- Directed by: Shiv Mane Santosh Hagavane
- Written by: Santosh Hagavane
- Produced by: Santosh Hagavane Yogita Gawli Pradeep Natthisingh Nagar
- Starring: Raqesh Bapat Akshay Waghmare Aryan Hagavane
- Cinematography: Yogesh M. Koli
- Edited by: Rohan Patil Rahul Lokahnde
- Music by: Sanmeet Waghmare Abhishek Kate Devdutta Manisha Baji
- Production companies: Aaradhya Motion Films Yogasha Films
- Release date: 12 January 2024;
- Running time: 111 minutes
- Country: India
- Language: Marathi

= Khurchi =

2024 Marathi-language film

Khurchi is a 2024 Indian Marathi language political drama film directed by Shiv Dharmaraj Mane and Santosh Kusum Hagavane and produced under Aaradhya Motion Films and Yogasha Films. The film features an ensemble cast of Raqesh Bapat, Akshay Waghmare, Aryan Hagavane, and Pritam Kagne. The plot revolves around power, chair, murder, fights and blood.

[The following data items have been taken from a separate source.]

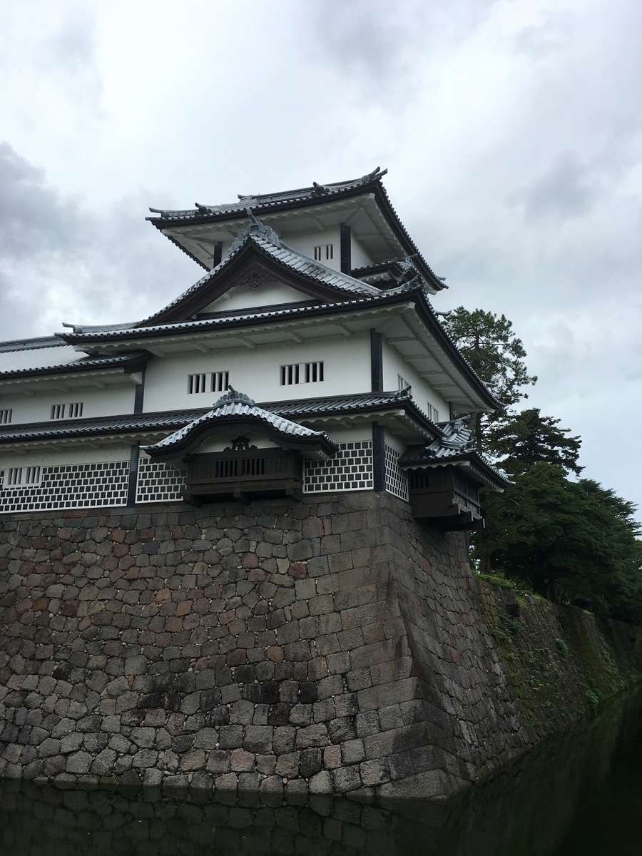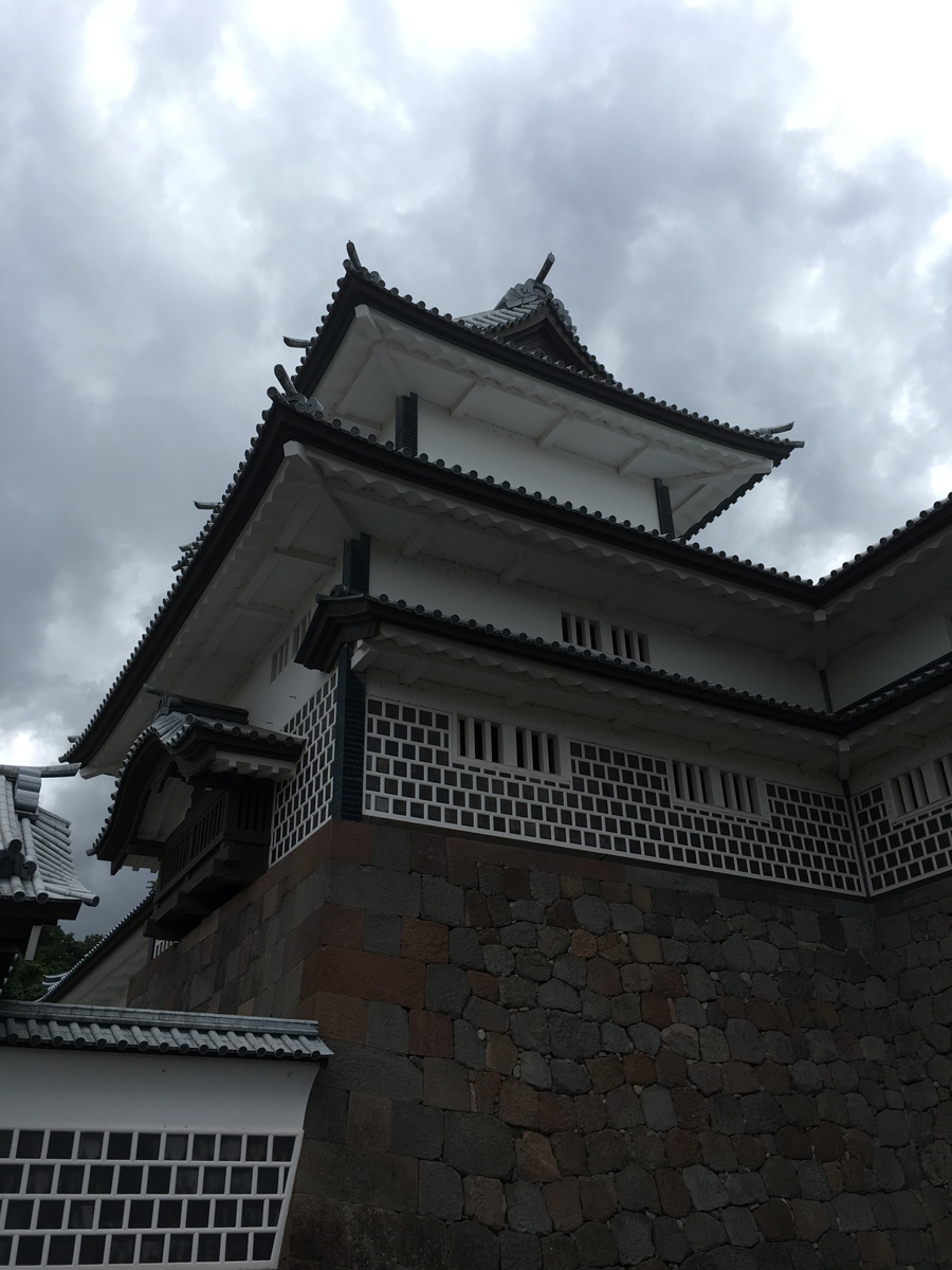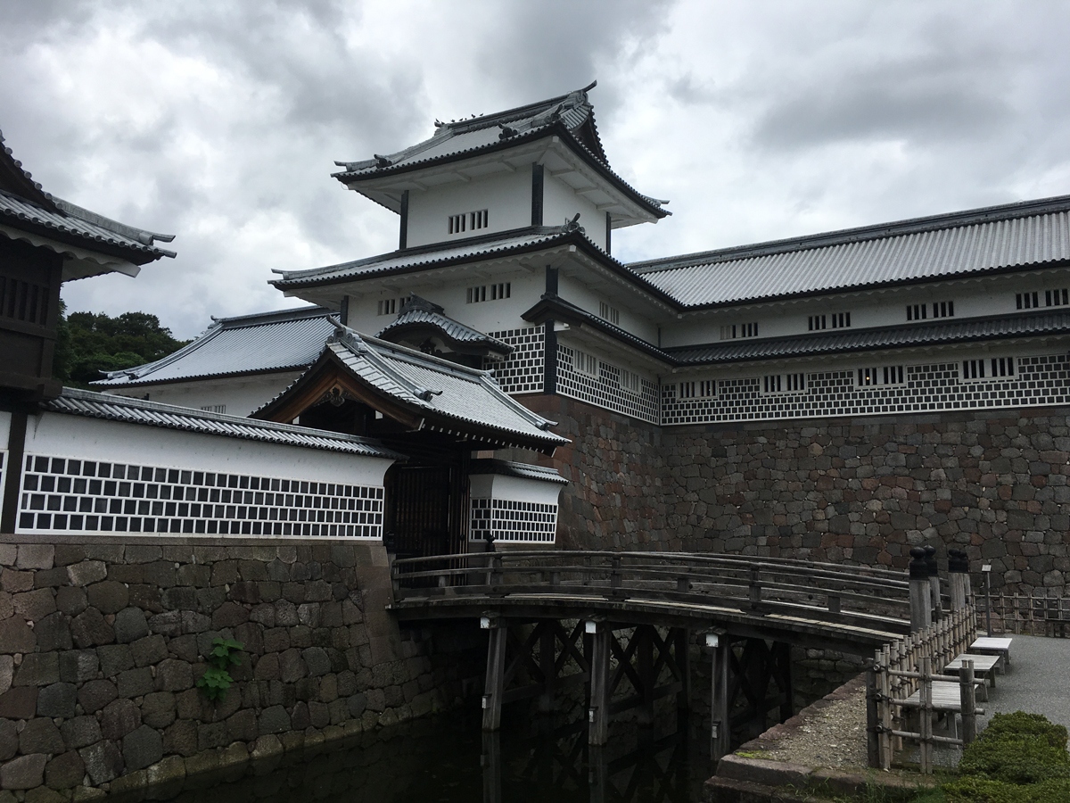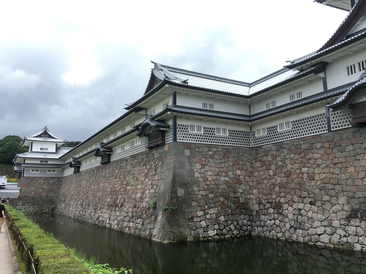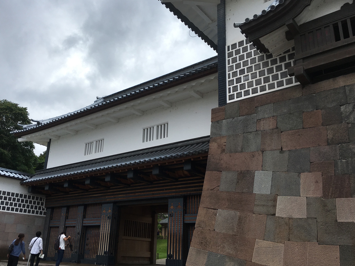 金沢がある石川県の由来となった石川郡の名前を冠する門で、城の裏口に当たる搦手の門ではありますが、兼六園側から橋を通ってアクセスできるメインルートであることから、場内でも非常に有名な門となっています。他の城内の建築同様、海鼠壁が特徴です。以前の訪問時は、修繕工事中で囲いがされていましたが、今回はそれも完了し、枡形構造をじっくりと観察することが出来ました。
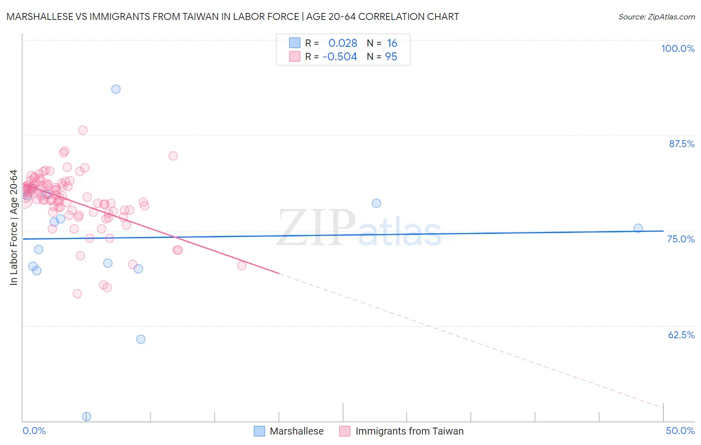 Marshallese vs Immigrants from Taiwan In Labor Force | Age 20-64 Correlation Chart
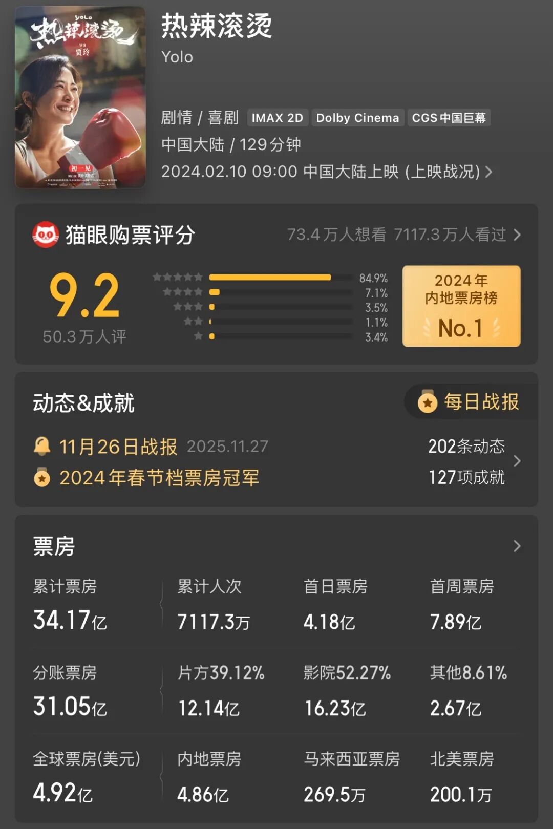 还可提供另一个样本的是儒意影业。2023年12月,儒意成为万达电影的第一大股东后,做的第一件事情,就是将儒意自研的IP数据评估系统接入万达院线的排片系统,实现“数据指导排片”——例如《热辣滚烫》(2024年)的排片率从首日的24%根据实时数据调至次日的32%。这种“非人治”的方式,让儒意电影相对摆脱了对人的高风险依赖。
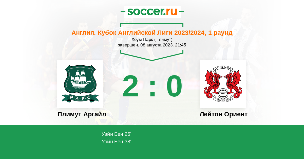 | Плимут Аргайл | Лейтон Ориент | |
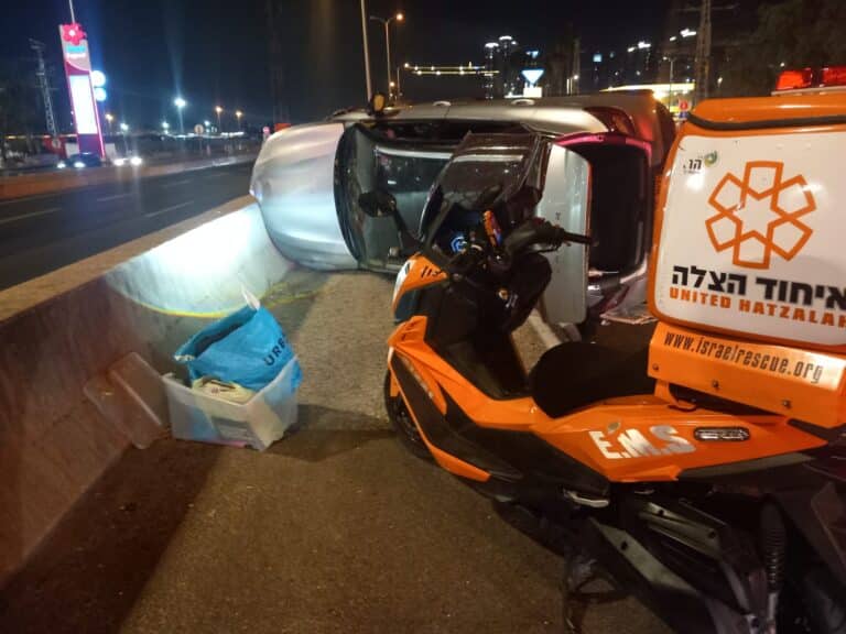 נהג רכב נפצע בינוני כתוצאה מהתהפכות רכבו סמוך למחלף נתניה

It was released theatrically on 12 January 2024.

== Cast ==
- Raqesh Bapat
- Akshay Waghmare as Samrat
- Aryan Hagavane as Rajveer Rajaram Desai
- Pritam Kagne
- Shreya Pasalkar
- Mahesh Ghag
- Kalyani Nandkishor
- Suresh Vishwakarma as Sarjerao
- Meghraj Raje Bhosale in a special appearance
- Aaradhana Sharma in a special appearance

== Production ==
The motion poster was released in mid-June 2020 with a strong voice of the child in the background. The poster of the film was released in 2021 with the tagline 'आता खुर्ची आपलीच'. Child actor Aryan Hagavane, who plays a pivotal role in this films makes his debut. Waghmare gained 5 kg weight to fit in his role.

== Soundtrack ==
The songs in the film are written by Prashant Madpuvar, Saurabh and Somnath Shinde and music is composed by Sanmit Waghmare, Abhishek Kate. Adarsh Shinde, Avadhoot Gupte, Abhay Jodhpurkar, Rasika Vakherkar, Amita Ghugri and Aryan have sung the songs. The background music is done by Devdutt Manisha Baji.

Track listing
| No. | Title | Lyrics | Music | Singer(s) | Length |
|---|---|---|---|---|---|
| 1. | "Gungala Assa" | Prashant Madpuwar | Abhishek Kate | Abhay Jodhpurkar, Amita Ghugari | 4:50 |
| 2. | "Ekach Raja Hya Khurchicha Haay" | Sanki Swarrbh | Sanmeet Waghmare | Adarsh Shinde | 4:20 |
| 3. | "Belanchi Nagin" | Sanjay Shinde | Sanmeet Waghmare | Avadhoot Gupte, Rasika Wakharkar | 4:26 |
| 4. | "Khurchi Rap" | Sanki Swarrbh | Sanmeet Waghmare | Aarayan Hagavane, Sanmeet Waghmare | 3:37 |
| Total length: |  |  |  |  | 17:25 |

== Release and reception ==
The film release date was announced on 16 October 2023. The teaser and trailer of the Khurchi was released on 7 December 2023 and 2 January 2024.